● **Required action**:
Look in the data below for the line that has "Sabzi vegetable curry, daal, naan", then print exactly every line from there through the line that has "H κόρη της Τάμτα", leaving pictures out.

● **Material for the task**:
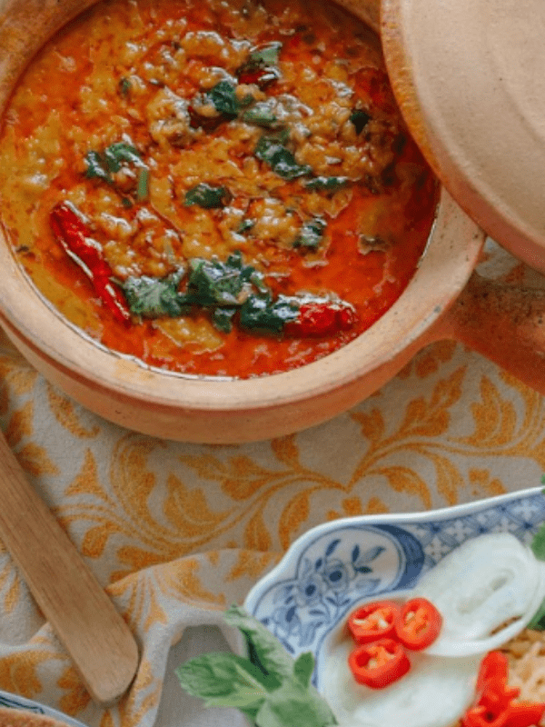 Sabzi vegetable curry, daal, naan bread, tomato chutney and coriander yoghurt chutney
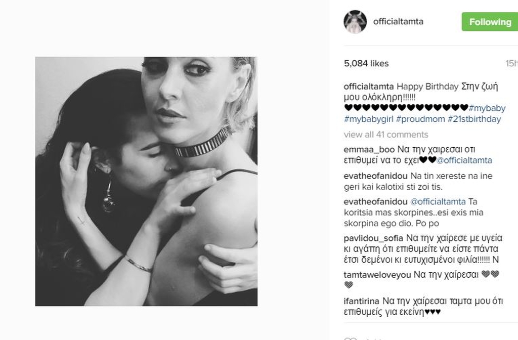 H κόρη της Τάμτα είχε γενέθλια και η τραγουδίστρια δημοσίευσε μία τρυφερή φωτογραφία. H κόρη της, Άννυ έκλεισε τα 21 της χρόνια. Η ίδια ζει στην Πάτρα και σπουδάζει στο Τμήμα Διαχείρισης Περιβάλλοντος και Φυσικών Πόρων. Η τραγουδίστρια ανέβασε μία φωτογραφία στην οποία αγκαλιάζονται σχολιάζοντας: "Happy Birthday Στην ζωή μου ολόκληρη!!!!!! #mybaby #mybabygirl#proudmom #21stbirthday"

* * *

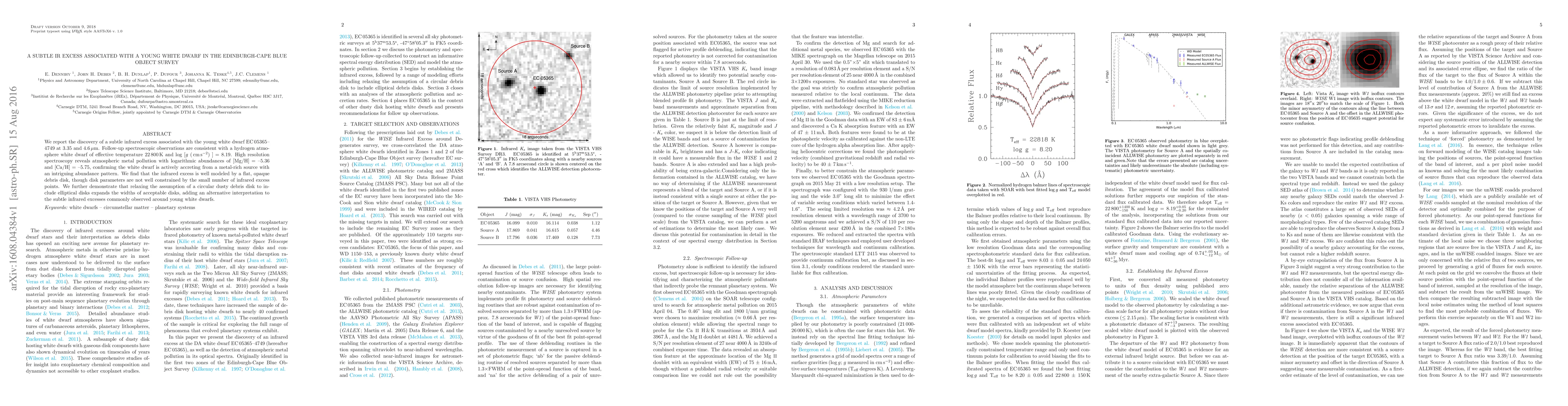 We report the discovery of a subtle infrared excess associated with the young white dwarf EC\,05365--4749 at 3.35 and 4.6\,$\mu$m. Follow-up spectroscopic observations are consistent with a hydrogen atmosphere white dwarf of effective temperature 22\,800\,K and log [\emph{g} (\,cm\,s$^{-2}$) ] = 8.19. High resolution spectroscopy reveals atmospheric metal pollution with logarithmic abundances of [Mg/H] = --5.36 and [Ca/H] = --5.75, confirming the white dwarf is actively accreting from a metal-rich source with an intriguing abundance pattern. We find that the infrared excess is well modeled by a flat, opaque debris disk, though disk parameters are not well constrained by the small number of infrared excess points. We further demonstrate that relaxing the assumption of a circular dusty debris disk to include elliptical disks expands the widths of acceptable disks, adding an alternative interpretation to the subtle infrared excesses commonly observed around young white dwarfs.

* * *

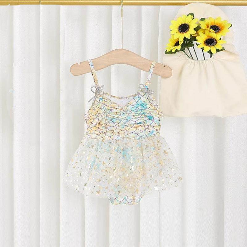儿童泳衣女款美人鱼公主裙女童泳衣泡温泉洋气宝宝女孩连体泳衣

● **Solution**:
 Sabzi vegetable curry, daal, naan bread, tomato chutney and coriander yoghurt chutney
 H κόρη της Τάμτα είχε γενέθλια και η τραγουδίστρια δημοσίευσε μία τρυφερή φωτογραφία. H κόρη της, Άννυ έκλεισε τα 21 της χρόνια. Η ίδια ζει στην Πάτρα και σπουδάζει στο Τμήμα Διαχείρισης Περιβάλλοντος και Φυσικών Πόρων. Η τραγουδίστρια ανέβασε μία φωτογραφία στην οποία αγκαλιάζονται σχολιάζοντας: "Happy Birthday Στην ζωή μου ολόκληρη!!!!!! #mybaby #mybabygirl#proudmom #21stbirthday"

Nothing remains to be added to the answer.